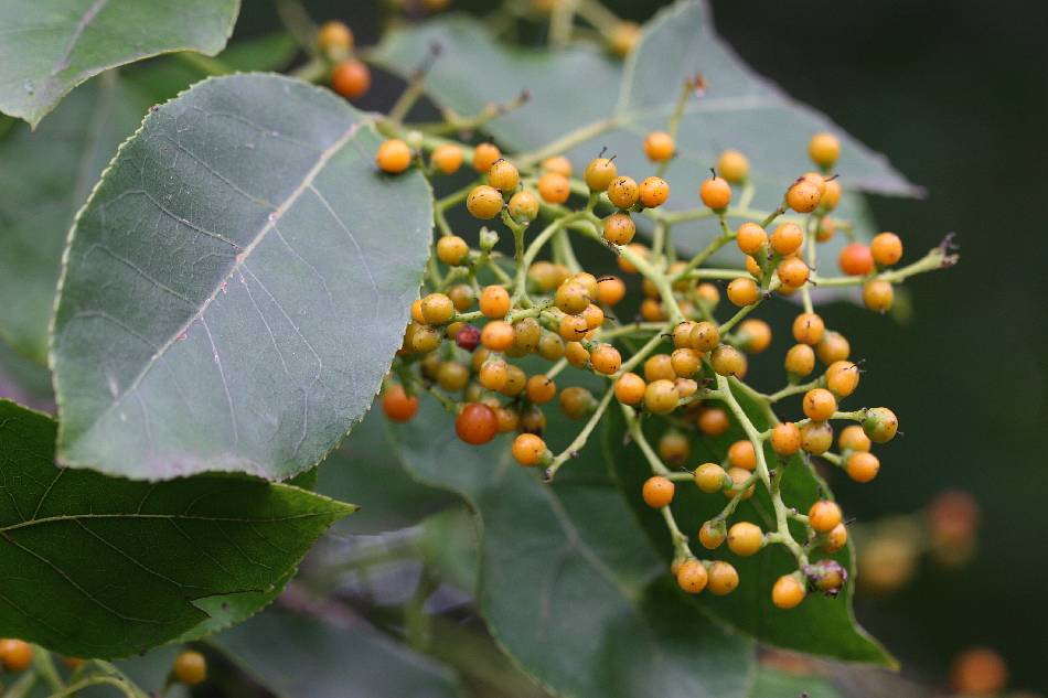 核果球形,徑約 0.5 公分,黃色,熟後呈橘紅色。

----

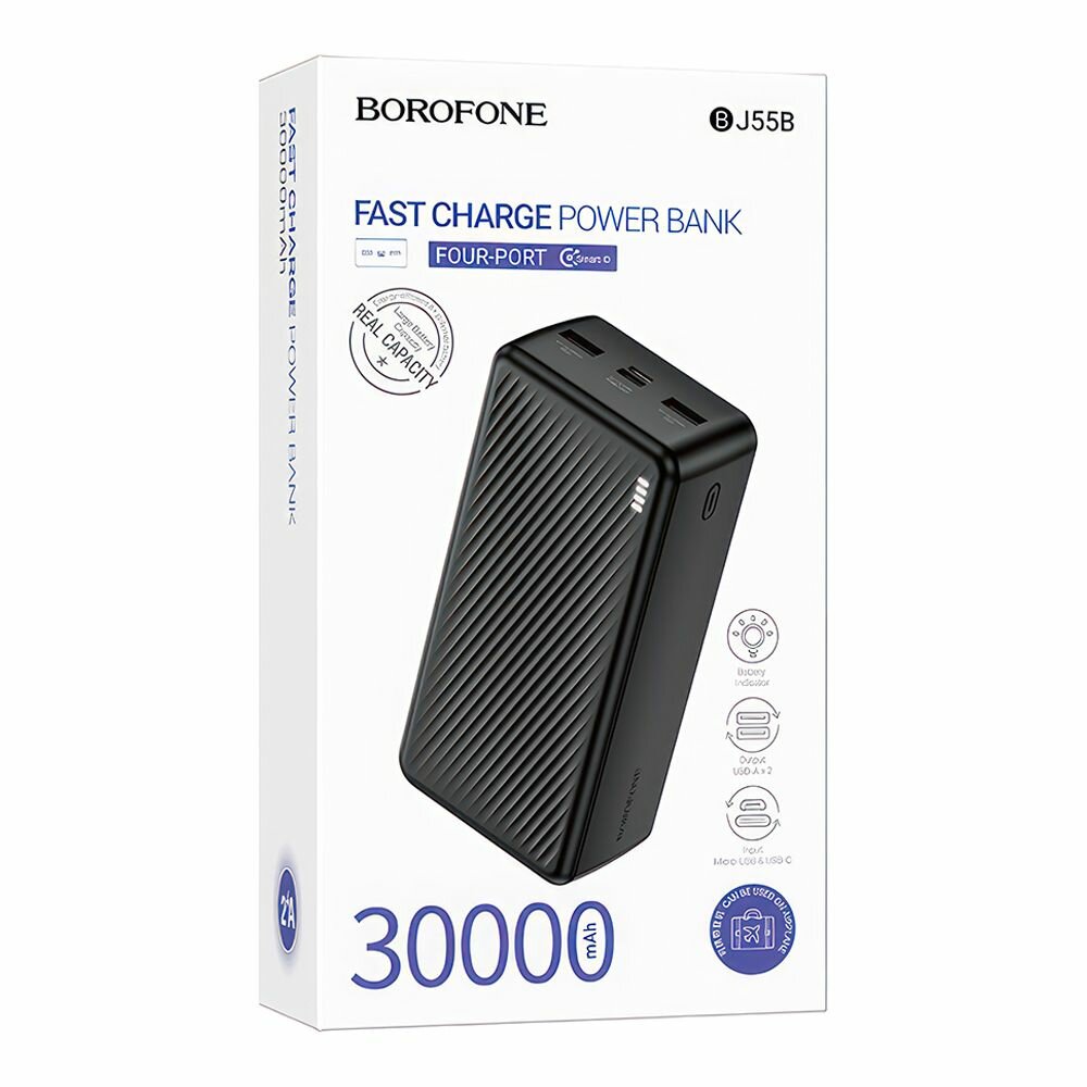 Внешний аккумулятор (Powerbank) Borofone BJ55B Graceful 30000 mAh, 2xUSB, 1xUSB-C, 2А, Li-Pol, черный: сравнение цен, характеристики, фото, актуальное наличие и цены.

----

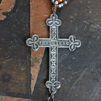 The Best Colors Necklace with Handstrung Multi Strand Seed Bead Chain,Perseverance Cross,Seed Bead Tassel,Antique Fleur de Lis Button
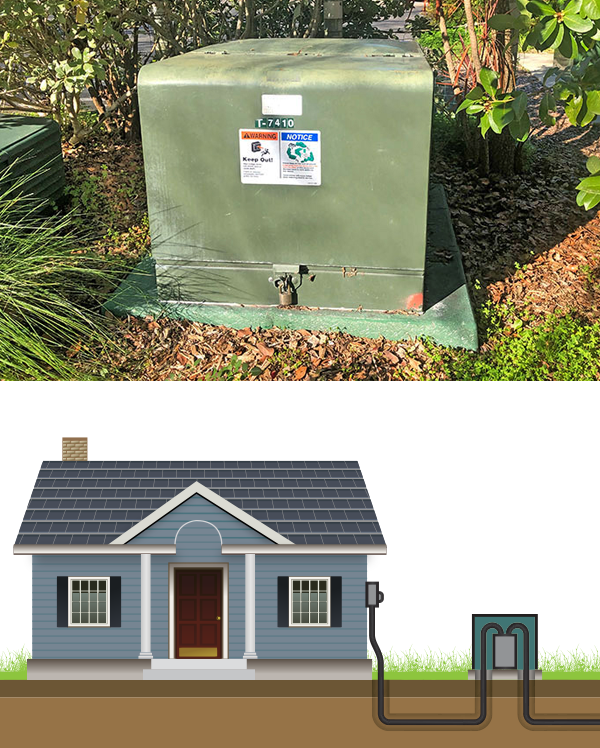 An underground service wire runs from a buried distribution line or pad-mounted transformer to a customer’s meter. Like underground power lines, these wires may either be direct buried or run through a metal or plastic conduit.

----

▸ **What is expected**:
Reproduce the lines above beginning at the line that contains "The Best Colors" and ending at the line that contains "An underground service". No pictures.

▸ **Solved exercise**:
 The Best Colors Necklace with Handstrung Multi Strand Seed Bead Chain,Perseverance Cross,Seed Bead Tassel,Antique Fleur de Lis Button
 An underground service wire runs from a buried distribution line or pad-mounted transformer to a customer’s meter. Like underground power lines, these wires may either be direct buried or run through a metal or plastic conduit.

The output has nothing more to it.